Naomi Comte Me chamam Naomi, mas nem me Conte. Nasci na fronteira, lá me criei, e tarde um pouco vim ver o tão falado mar do Rio de Janeiro, não voltei. Entre letras e números passo o meu tempo, um livro já publiquei, sobre mulheres lésbicas muitas, de todas as classes, de todas as cores.
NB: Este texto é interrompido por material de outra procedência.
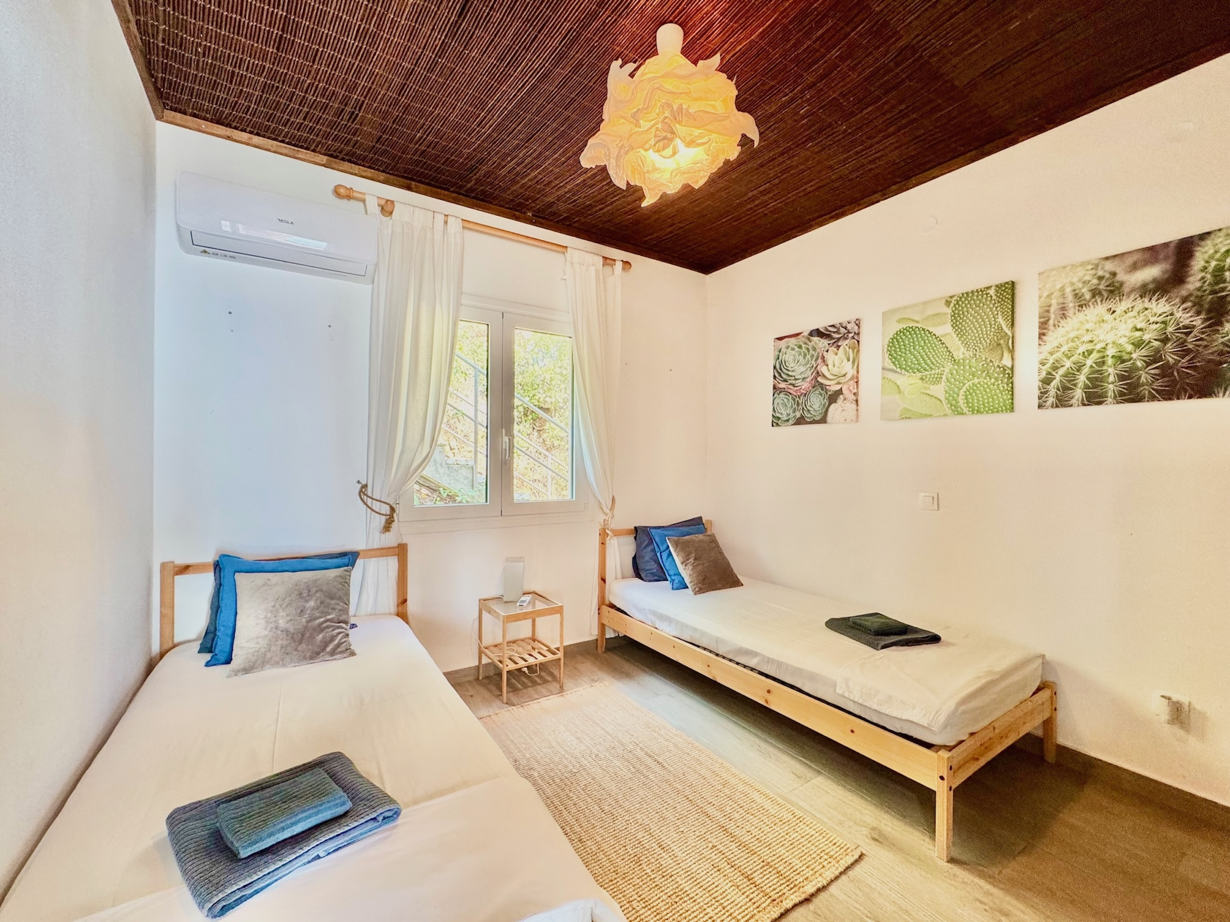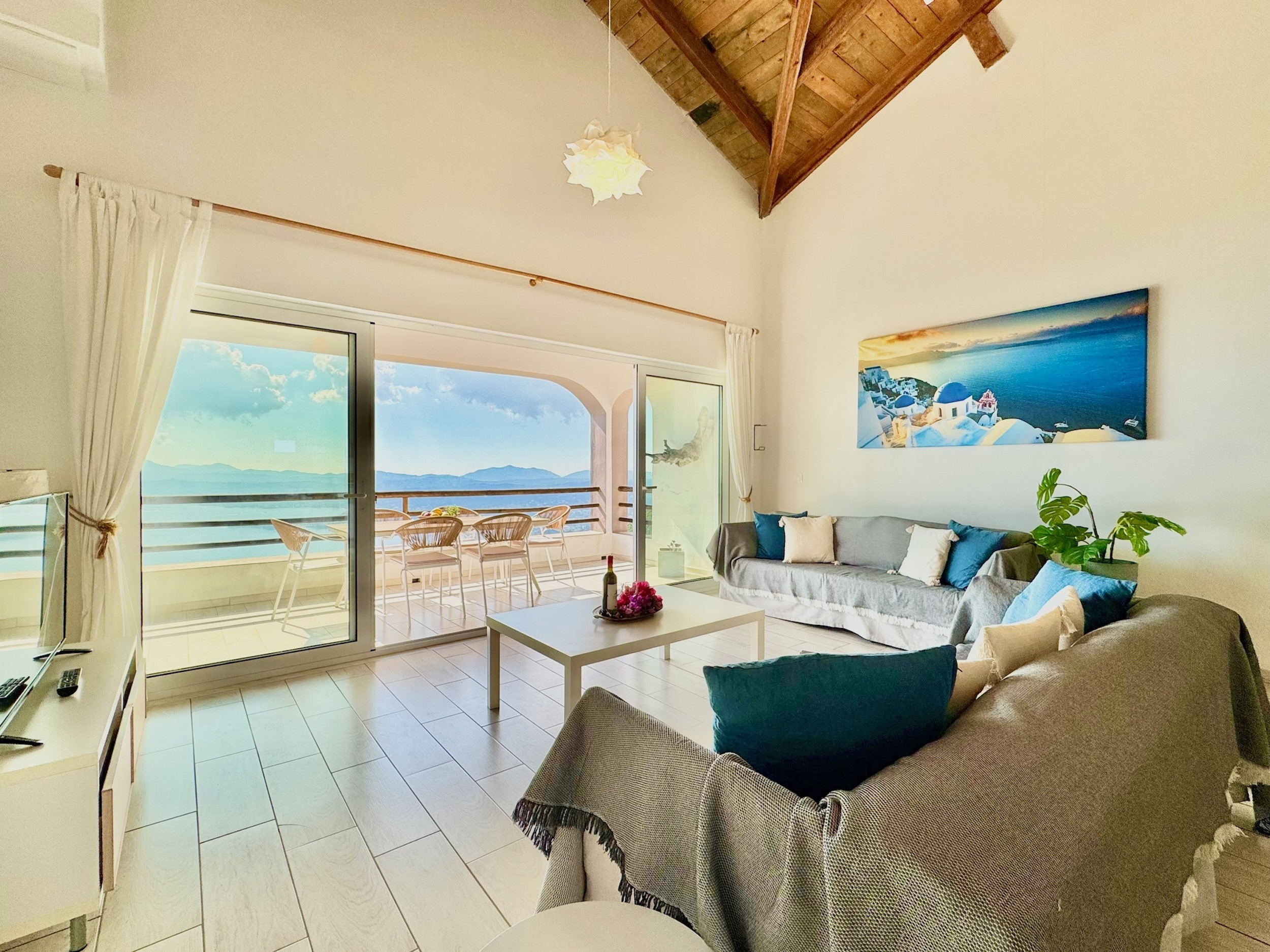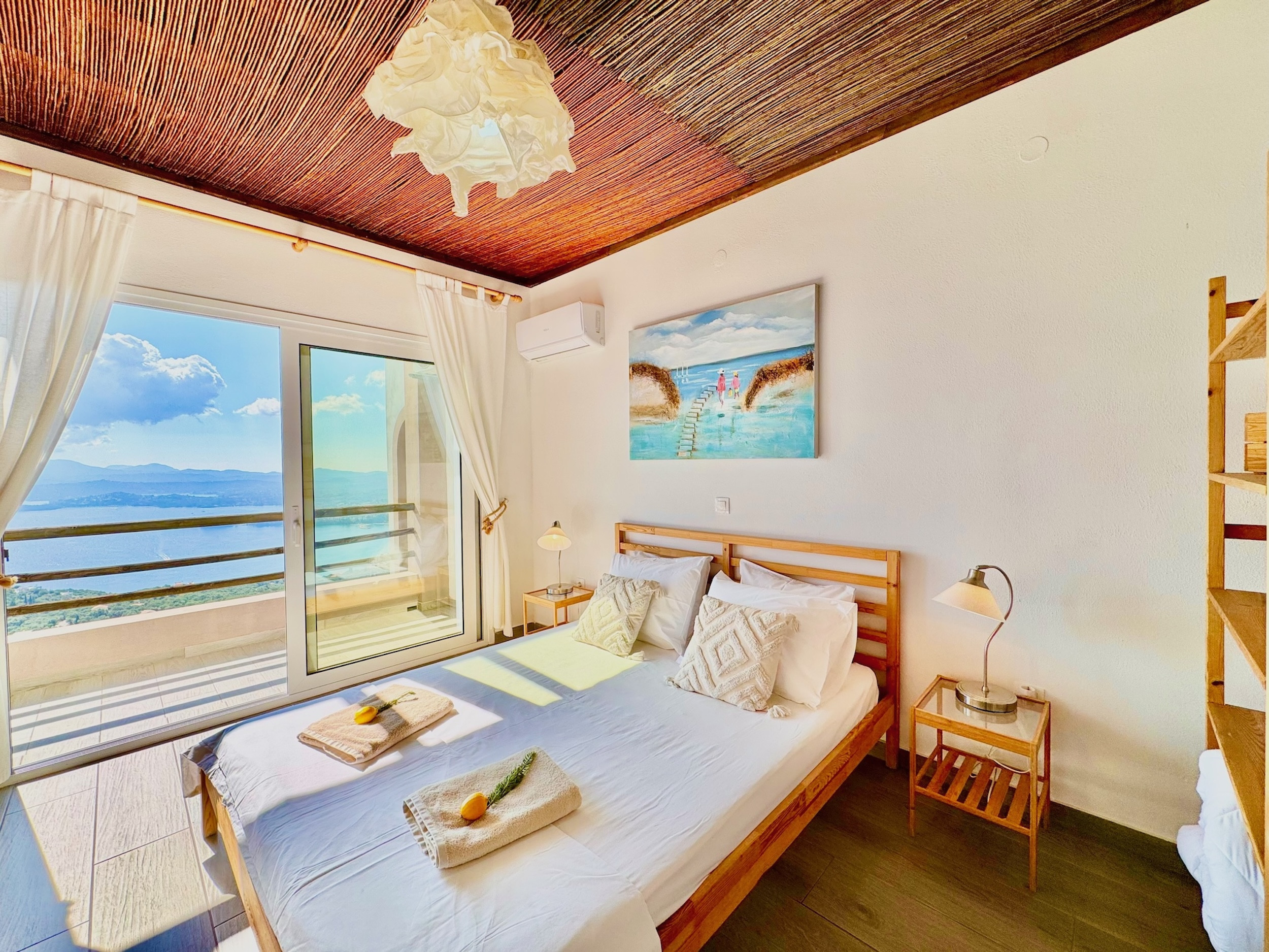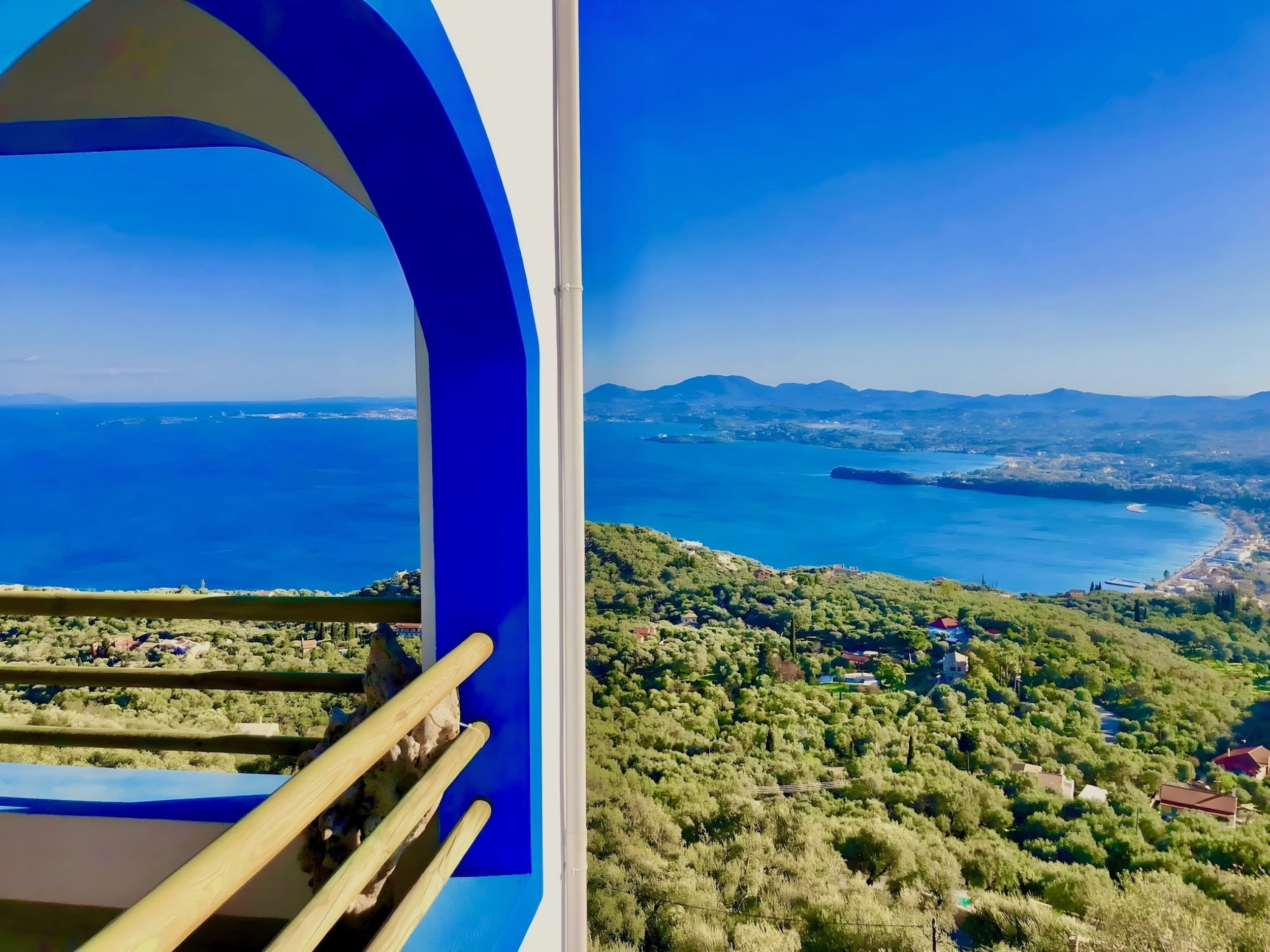 Inside, the property has been cleverly designed to accommodate up to 13 guests in 6 bedrooms, yet providing privacy when required or at night: it is in fact composed by 2 self contained units with 3 bedrooms and 2 bathrooms each, rented together as a whole, independent villa with private pool. The units cannot be rented individually. Each of the 2 identical units enjoys a sensational open-plan lounge with adjoining fully equipped kitchen and dining area, comfortable sofas, smart TV and patio doors leading out to the panoramic terrace, a delight both during day and night. An hallway leads then to the 3 bedrooms (2 doubles with panoramic terrace, 1 twin) and the 2 bathrooms (one with bathtub and one with shower) for a total of 6 bedrooms and 4 bathrooms. An extra guest can be accommodated on a folding z-bed provided free of charge (mostly suitable for a child). For the comfort of our guests, the whole property is air-conditioned, both in the bedrooms and lounge areas. Starlink fast internet is provided. The property has been beautifully furnished in traditional Greek colors and is full of light: the perfect connection between the green of the corfiot hills and the blue of the sea.
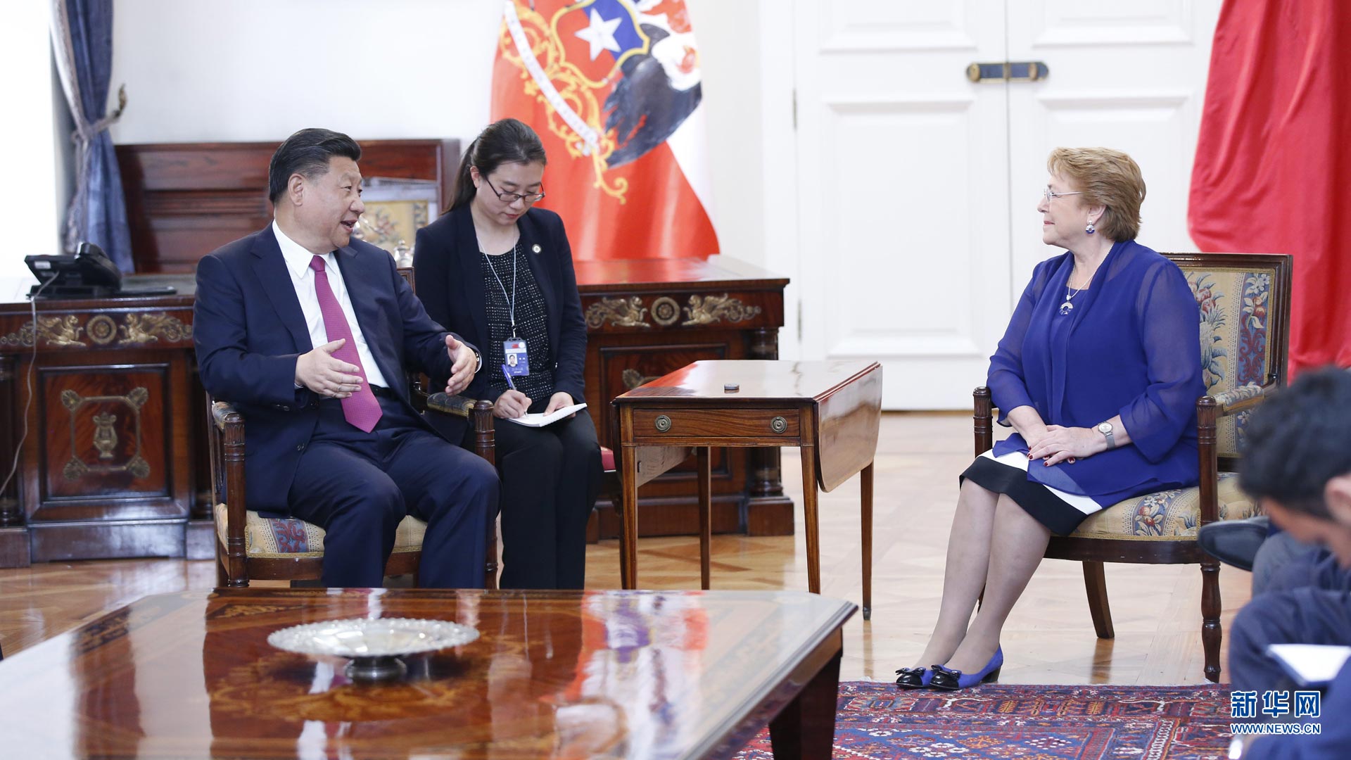 11月22日,國家主席習(xí)近平在圣地亞哥同智利總統(tǒng)巴切萊特舉行會談。 新華社記者 鞠鵬 攝2016-11-23

Admiradora, entre tantos, de Cristina Peri Rossi e João Gilberto Noll.
Dos infortúnios
E
squece minha última mensagem, minhas flores, meus telefonemas, as palavras mal escritas, todas as letras do meu nome, era mesmo tudo confusão, eu nem sei porque insisti com você, afinal você estava no seu canto, a salvo do mundo com um marido do lado e três filhos pra criar, e depois aquele beijo, o motel, aconteceu porque tinha que acontecer, embora você tenha essa insistência infantil em dizer que não é gay, que você não gosta de mulher, em rotular tudo, rótulo cai bem em garrafa, discurso vagabundo esse, e de vagabunda me basto, fico eu aqui me masturbando com você na minha cabeça, no meu chuveiro, atrás da porta e você aí deitadinha com o maridão, ameba inóspita, é a merda, a mais pura merda isso tudo, eu dando a bunda e sangrando sozinha. E a carta pelo correio, foi covardia, pura covardia, linda covardia de tão bem escrita, todas as vírgulas, pontos, letras e palavras dispostas ao acaso, um desarrumado todo arrumado que aumentou meu frio na barriga, minha vontade, meu desejo e saí pra rua nessa noite, sem eira nem beira, caçando mesmo, te caçando em outras, bicho machucado na noite, e bebi todas as vontades, as faltas, tudo que não tive, e te bebi amarga também, e arrebentei a porta da tua casa, e te mostrei o caminho da rua, as avenidas e suas bifurcações, e meti a língua na tua boca casta, no teu peito morto de tanto descaso, chafurdei contigo uma noite inteira e acordei ressaca.